Вначале я слушал внимательно, стараясь вычленить зерна драгоценной информации из несмолкаемой трескотни радостного Несусветовича, затем расслабился, выставив, точно невод для золотой рыбки, профессиональный навык сработки на ключевые слова.
– …Притаился король Барсиад за кустом и ну ждать. Ждал, ждал – едва не уснул. И точно: только-только луна над самой маковкой его зависла – лес вокруг будто пожаром объяло. Прилетает откуда ни возьмись птица-небылица, лицом – девица, хвостом – зарница.
– Че там про «Зарницу»? – вмешался заинтересованный последними словами Вадюня. – Мы тоже когда-то с деревяхами по лесу бегали, флаг искали. В натуре прикольно!
Сбитый с темпа, рассказчик задумчиво уставился на И.О. государя, силясь проникнуть в глубокий смысл услышанного.
– Это о другом, – заверил я. – Продолжай, пожалуйста.
– Так вот, села та птица на камень и давай мед с него слизывать. А от хвоста ее сияние такое, что нить в игольное ушко без труда вдеть можно. Вот угощается она медком, тут король Барсиад из-за куста – шасть! Хвать ее, затейницу, за тело девичье, повыше хвоста, и ну кричать: «Ага! Попался, голос чужеродный. Не будешь более супротив меня народ мутить»!
При этих словах я невольно включился и стал вслушиваться в рассказ толмача.
– Птица-небылица крылами хлопает, а от камня оторваться не может. Лапки-то глубоко в меду увязли! Да и государь наш – хват! Прижал к себе вещунью – поди тут взлети! Ну, она тут, ясное дело, взмолилась. Мол, отпусти, мудрый государь, что с меня, птицы, взять? Плету себе всяку теребень ради красного словца, не хуже Переплутня. Пусти, говорит, на волю. В плену у тебя захирею и песни петь не стану. А вот коли дашь мне свободу – одарю тебя пером из своего хвоста. А за сладкое угощение поклянусь более рта супротив тебя не открывать!
Ну, Барсиад-то, известно дело, сердцем мягок, и хоть голос-то чужеродный уже до печенок его допек, но печенью он как раз крепок да велик. «Ладно, – говорит, – лети отсюда к своей матери. Перо, так и быть, оставь – я им шляпу украшу». А она ему в ответ: «Перо мое не простое, а чудодейное! Не зря ж я всё-таки птица-небылица! Если на какого вражину им махнуть, то будь он хоть трижды злыднем – враз станет добрым да ласковым».
– Угу. – Я вновь впал в задумчивость. – Значит, так оно всё и было.
– Еще бы не так! – гордо расправил плечи урядник Нежданных Дел. – Да об том, почитай, вся Субурбания шумела! Нешто не слыхали?
– Мы в Кроменце по делам были, – скупо отозвался я. – А кроме птицы-небылицы с ее оперением здесь о чем-нибудь говорили?
– Так ведь это ж еще не конец! – обнадежил толмач. – Решил король то перышко при случае на ком-нибудь испытать. А тут как раз и возможность представилась. В землях кобольдов лютовал злой разбойник Ян, Кукуев сын. Никому проходу не давал! Правый, виноватый – всяк ему хвостни в мошну клал, дабы голову сберечь! Он другого атамана, который в Лужанских степях озоровал, со всей его ватагой жизни лишил за то, что под ним ходить не хотели. Хотя те, развей Нычка их имена по ветру, тоже не совсем праведники были.
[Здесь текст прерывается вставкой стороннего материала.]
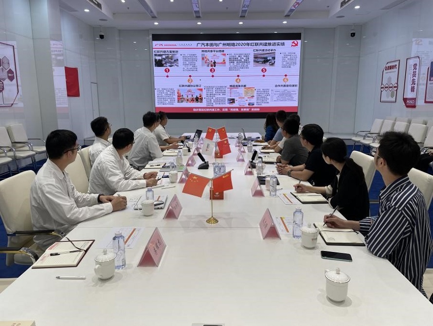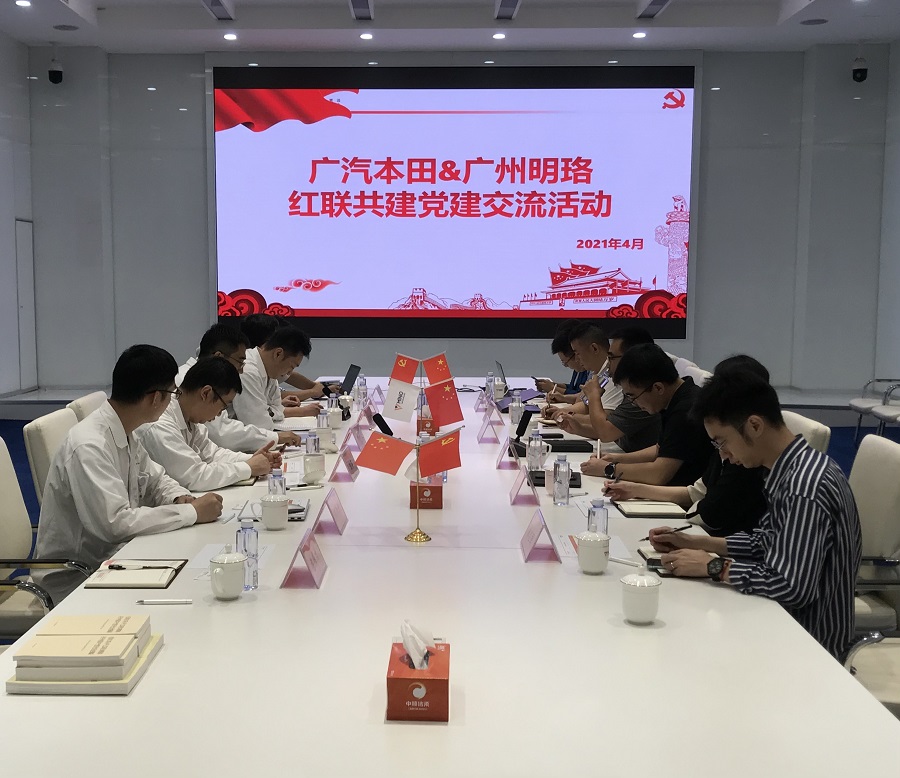 為落實(shí)市委組織部關(guān)于紅聯(lián)共建工作的部署要求,2020年8月,廣州明珞裝備黨支部與廣汽本田黨委簽署了紅聯(lián)共建協(xié)議,建立了紅聯(lián)共建示范基地平臺(tái),通過整合黨建資源,開啟了兩個(gè)企業(yè)之間的互聯(lián)互動(dòng)、融合發(fā)展。為持續(xù)推動(dòng)并鞏固雙方的共建成效,開發(fā)更多領(lǐng)域的合作共贏,切實(shí)形成資源共享、優(yōu)勢(shì)互補(bǔ)、銜接互動(dòng)、共同發(fā)展的紅聯(lián)共建格局。2021年4月1日,廣州明珞與廣汽本田開展了紅聯(lián)共建交流活動(dòng)。廣州明珞董事長(zhǎng)姚維兵、廣州明珞黨支部書記左志軍、廣汽本田團(tuán)委書記韓汶峰、采購(gòu)聯(lián)合黨支部書記姚軍以及云埔街科技企業(yè)加速器園區(qū)黨委黨建指導(dǎo)員等代表共21人參加本次活動(dòng)。會(huì)議上,首先共同回顧了2020年紅聯(lián)共建成效,雙方通過陣地共享平臺(tái)搭建、難題清單共解、技術(shù)交流活動(dòng)等讓紅聯(lián)共建扎實(shí)落地,生根發(fā)芽。

Стоны народные аж в Елдин, до дворца самого доносились. Взял тогда король Барсиад крепкую рать да поехал искать супостата. Долго ли, коротко, а всё ж свиделись они во чистом поле. Кукуев-то сын государя не убоялся, за кистень схватился, а тот его перышком так – вжик-вжик крест-накоест! Похерил[19], одним словом. И глядь – впрямь чудо свершилось! Стоял пред ним упырь лихой, видом дикий, нравом жуткий, а тут вмиг обернулся в доброго молодца, да такого славного и пригожего, что и глаз не отвести! А доброты в нем – по всей Субурбании обыщись, а добрее не сыщешь! В общем, стал он с той поры государевым наушником.
– Кем? – неуверенно переспросил я.
– Наушником. На ушко государю волю Нычкину растолковывал, ибо умом зело велик оказался. Всё вокруг себя зрил и разумел! А за нрав его кроткий, за слова ласковые величали его уже почтительно: не Кукуев сын, а Ян Кукуевич. Правда, люди бают, поколачивал он некоторых. Даже, сказывают, и каанам кулака в рыло совал. Ну, так оно как же без этого! Всё едино, душою чист! Ну да, видать, с остальными сгинул.
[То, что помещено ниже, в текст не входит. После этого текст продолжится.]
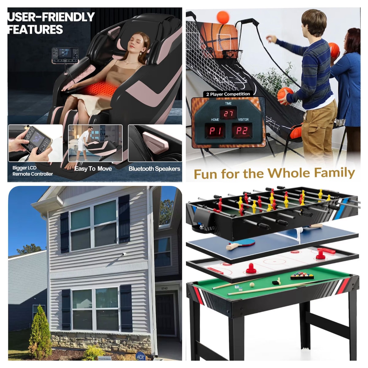 Relax with the whole family at this luxurious, brand new, safe, and serene place to stay. All rooms are modernly and uniquely styled for your comfort and with dedicated workspaces. 3 bedrooms, 2.5 baths plus, massage chair an extra office space. You also have a bonus game room with arcade basketball 🏀 , pool, chess, scrabble, monopoly, card games, and skip activities . How about the bedrooms? So beautiful, with mordern designs , speakers, charging ports, lighting, etc You will love it!!

– Стоп! – Я оборвал плавную речь толмача. – Вадим, ты слышал?
– Про наушники? – с неохотой уточнил Злой Бодун.
– Не цепляйся к словам. Бывший разбойник из страны кобольдов, толкующий волю Нычки его величеству!
– Оба-на! – Исполняющий обязанности государя немилосердно хлопнул себя по лбу мощной дланью. – Приплыли!
Донесение вернувшейся разведки не обрадовало. Хотя, если вдуматься, не то чтобы огорчило, скорее озадачило. Во-первых, за распахнутыми крепостными воротами не сыскалось ни единой живой души. Во-вторых, там были обнаружены неживые души – забитые кольями трупы романтиков с большой дороги, судя по позам, не оказавших убийцам серьезного сопротивления. В-третьих, на стене донжона виднелась странного начертания эмблема, похожая на перевернутую пятилучевую звезду со вписанной козлиной головой.
– Красные демонята свою метку оставили, – выслушав последнее сообщение, нервно повел усом Вавила Несусветович. – Они всегда, ежели что, такую отметину рисуют.
– Ты хочешь сказать, что разбойников убили красные демонята? – уточнил я.
– Вестимо, они, – утвердительно кивнул новоиспеченный урядник. – Кому ж еще!
– Я подумал было, что это возницы, когда грабили соловьиную берлогу.
– А это, может, чисто конские водилы и есть красные демонята? – с ходу выдвинул гипотезу блюститель престола.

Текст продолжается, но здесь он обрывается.